▸ **Work order**: Wherever pictures appear in the listing below, leave them out, and copy exactly, and only, everything from the line with "Auf dem Wert" down to the line with "Vsako stanovanje ima".

▸ **Exercise material**:
════════════════════
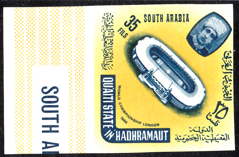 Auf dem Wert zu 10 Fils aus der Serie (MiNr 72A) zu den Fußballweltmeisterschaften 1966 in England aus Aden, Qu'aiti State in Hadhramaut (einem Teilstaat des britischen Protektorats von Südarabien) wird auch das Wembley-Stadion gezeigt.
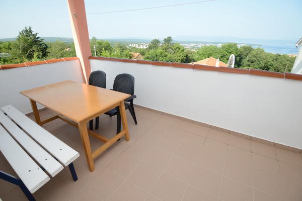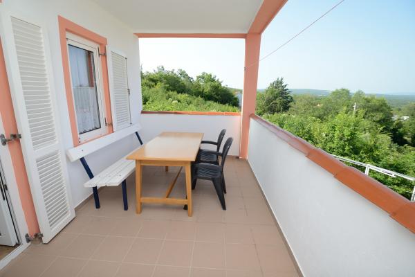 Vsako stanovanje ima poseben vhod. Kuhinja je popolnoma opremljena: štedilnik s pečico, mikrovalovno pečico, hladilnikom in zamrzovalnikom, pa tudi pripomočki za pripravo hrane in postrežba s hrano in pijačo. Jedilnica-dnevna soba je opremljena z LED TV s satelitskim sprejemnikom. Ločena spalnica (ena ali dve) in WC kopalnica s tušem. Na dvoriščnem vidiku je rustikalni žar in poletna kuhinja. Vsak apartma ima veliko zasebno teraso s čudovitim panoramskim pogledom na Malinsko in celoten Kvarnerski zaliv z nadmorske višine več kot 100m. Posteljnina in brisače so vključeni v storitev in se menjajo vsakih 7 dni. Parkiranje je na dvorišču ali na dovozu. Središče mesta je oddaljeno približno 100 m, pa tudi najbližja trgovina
════════════════════
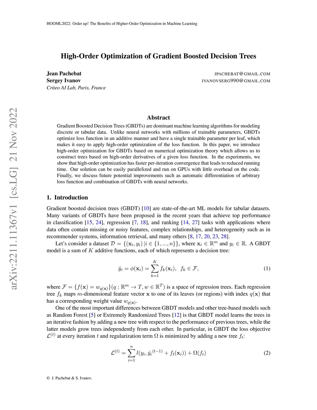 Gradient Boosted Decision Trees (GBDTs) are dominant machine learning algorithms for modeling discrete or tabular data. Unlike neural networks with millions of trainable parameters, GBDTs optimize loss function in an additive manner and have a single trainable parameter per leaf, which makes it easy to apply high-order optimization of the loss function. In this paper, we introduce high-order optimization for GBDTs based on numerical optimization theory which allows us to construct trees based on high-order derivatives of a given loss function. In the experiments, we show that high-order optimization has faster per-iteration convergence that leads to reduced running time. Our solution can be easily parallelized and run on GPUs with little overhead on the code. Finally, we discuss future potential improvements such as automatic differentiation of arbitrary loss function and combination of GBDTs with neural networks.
════════════════════
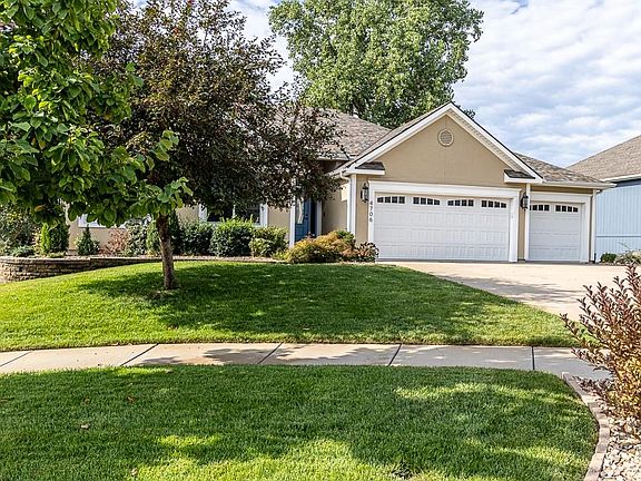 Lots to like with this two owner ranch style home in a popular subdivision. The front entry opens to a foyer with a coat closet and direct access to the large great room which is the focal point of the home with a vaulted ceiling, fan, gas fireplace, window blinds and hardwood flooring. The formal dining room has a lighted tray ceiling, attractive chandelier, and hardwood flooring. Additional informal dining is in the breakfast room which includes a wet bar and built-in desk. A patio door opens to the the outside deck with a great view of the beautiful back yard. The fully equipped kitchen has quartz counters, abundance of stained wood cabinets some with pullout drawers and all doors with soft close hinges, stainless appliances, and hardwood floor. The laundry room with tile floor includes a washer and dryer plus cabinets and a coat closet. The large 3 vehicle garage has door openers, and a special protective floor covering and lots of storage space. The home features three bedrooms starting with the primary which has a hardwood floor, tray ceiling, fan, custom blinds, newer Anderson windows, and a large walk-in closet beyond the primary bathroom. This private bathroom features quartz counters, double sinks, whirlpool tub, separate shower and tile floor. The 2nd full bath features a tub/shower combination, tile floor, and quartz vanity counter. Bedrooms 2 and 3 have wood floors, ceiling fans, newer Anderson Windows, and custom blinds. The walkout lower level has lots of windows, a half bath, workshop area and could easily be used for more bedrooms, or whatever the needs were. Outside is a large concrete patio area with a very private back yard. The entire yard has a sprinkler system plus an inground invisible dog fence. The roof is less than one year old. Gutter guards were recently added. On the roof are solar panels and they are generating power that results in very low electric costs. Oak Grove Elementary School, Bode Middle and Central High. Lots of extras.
════════════════════
▸ **Task response**:
 Auf dem Wert zu 10 Fils aus der Serie (MiNr 72A) zu den Fußballweltmeisterschaften 1966 in England aus Aden, Qu'aiti State in Hadhramaut (einem Teilstaat des britischen Protektorats von Südarabien) wird auch das Wembley-Stadion gezeigt.
 Vsako stanovanje ima poseben vhod. Kuhinja je popolnoma opremljena: štedilnik s pečico, mikrovalovno pečico, hladilnikom in zamrzovalnikom, pa tudi pripomočki za pripravo hrane in postrežba s hrano in pijačo. Jedilnica-dnevna soba je opremljena z LED TV s satelitskim sprejemnikom. Ločena spalnica (ena ali dve) in WC kopalnica s tušem. Na dvoriščnem vidiku je rustikalni žar in poletna kuhinja. Vsak apartma ima veliko zasebno teraso s čudovitim panoramskim pogledom na Malinsko in celoten Kvarnerski zaliv z nadmorske višine več kot 100m. Posteljnina in brisače so vključeni v storitev in se menjajo vsakih 7 dni. Parkiranje je na dvorišču ali na dovozu. Središče mesta je oddaljeno približno 100 m, pa tudi najbližja trgovina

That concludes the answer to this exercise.